XGBoost’s dump_model()
function allows you to export a trained model in a human-readable format, which can be useful for model interpretation and visualization.
Unlike save_model()
, the output from dump_model()
is not designed to be loaded back into XGBoost, but rather to provide insight into the model’s structure and learned features.
Here’s an example of how to use dump_model()
to export a trained XGBoost model in both text and JSON formats:
from sklearn.datasets import make_classification
from xgboost import XGBClassifier
# Generate a small synthetic dataset
X, y = make_classification(n_samples=100, n_classes=2, n_features=5, random_state=42)

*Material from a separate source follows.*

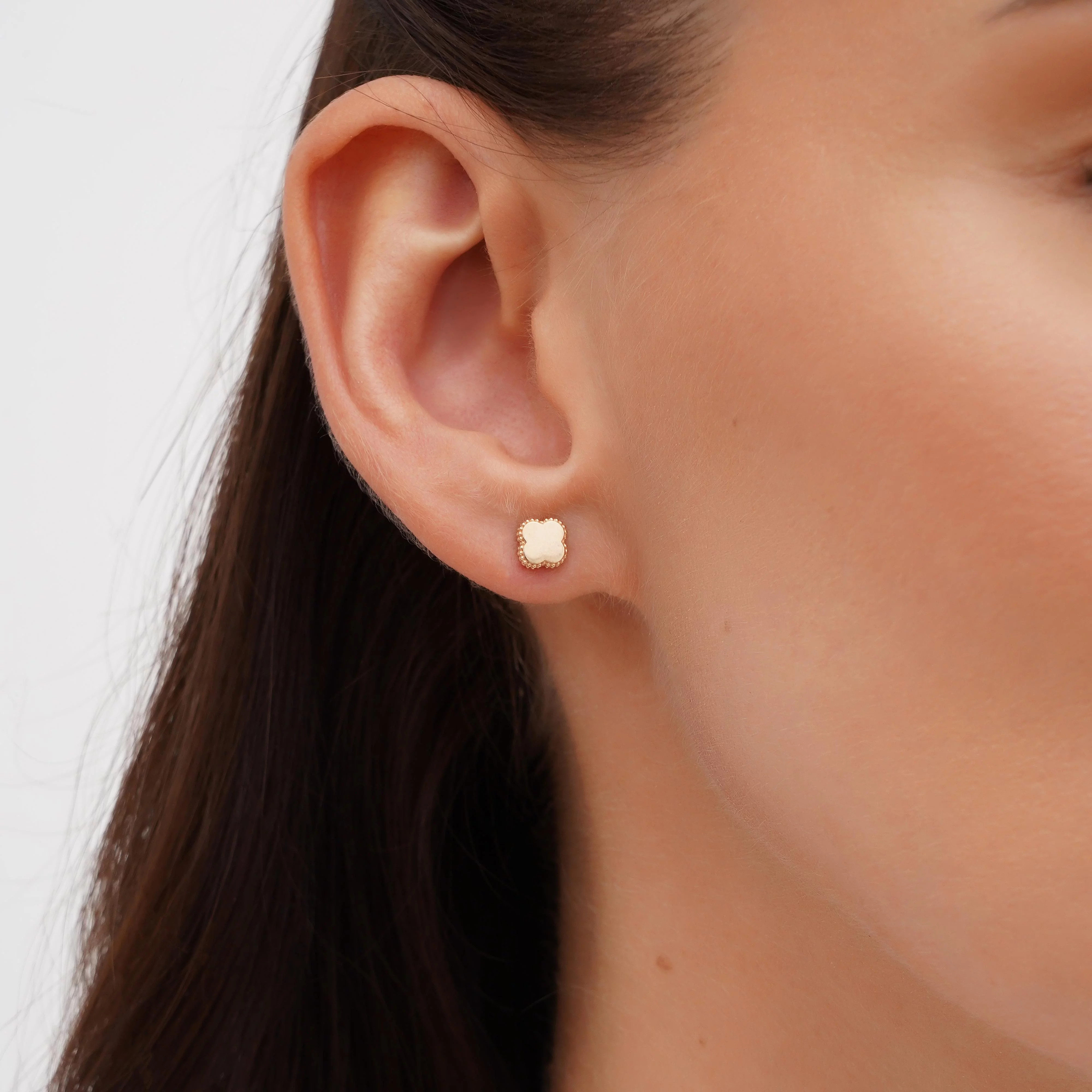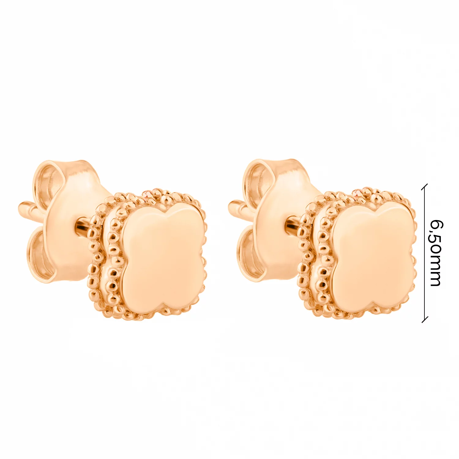 Стильні сережки-гвоздики у формі квітки в комбінованому золоті та алмазною гранню - 1870043

# Train an XGBoost classifier
model = XGBClassifier(n_estimators=10, max_depth=2, random_state=42)
model.fit(X, y)
# Dump the model in text format
model.get_booster().dump_model('model.txt', fmap='', with_stats=True, dump_format='text')
print("Text Model:")
with open('model.txt', 'r') as file:
for line in file:
print(line)
In this example, we first generate a small synthetic dataset using scikit-learn’s make_classification
function. We then train a simple XGBoost classifier with 10 trees and a maximum depth of 2.

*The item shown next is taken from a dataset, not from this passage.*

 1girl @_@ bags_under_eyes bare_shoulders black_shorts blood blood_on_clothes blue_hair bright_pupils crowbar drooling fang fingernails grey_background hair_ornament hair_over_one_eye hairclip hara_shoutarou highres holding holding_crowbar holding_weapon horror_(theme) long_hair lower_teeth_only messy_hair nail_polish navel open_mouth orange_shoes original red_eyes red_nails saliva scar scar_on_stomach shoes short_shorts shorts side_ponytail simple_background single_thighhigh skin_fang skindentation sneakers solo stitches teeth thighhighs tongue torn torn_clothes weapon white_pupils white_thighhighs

To dump the trained model in text format, we call dump_model()
on the model’s booster with dump_format='text'
. The with_stats=True
argument includes additional statistics in the output.
We then load the model saved to file and print out each tree in the dumped text model.
The text output represents the model’s trees, with each line representing a node. The output includes the feature, threshold, gain, and other statistics for each node. This format can be useful for understanding how the model makes decisions.
It’s important to note that models dumped with dump_model()
cannot be loaded back into XGBoost. If you need to save a model for later use, consider using save_model()
instead, which allows you to save the model in a format that can be loaded and used for making predictions.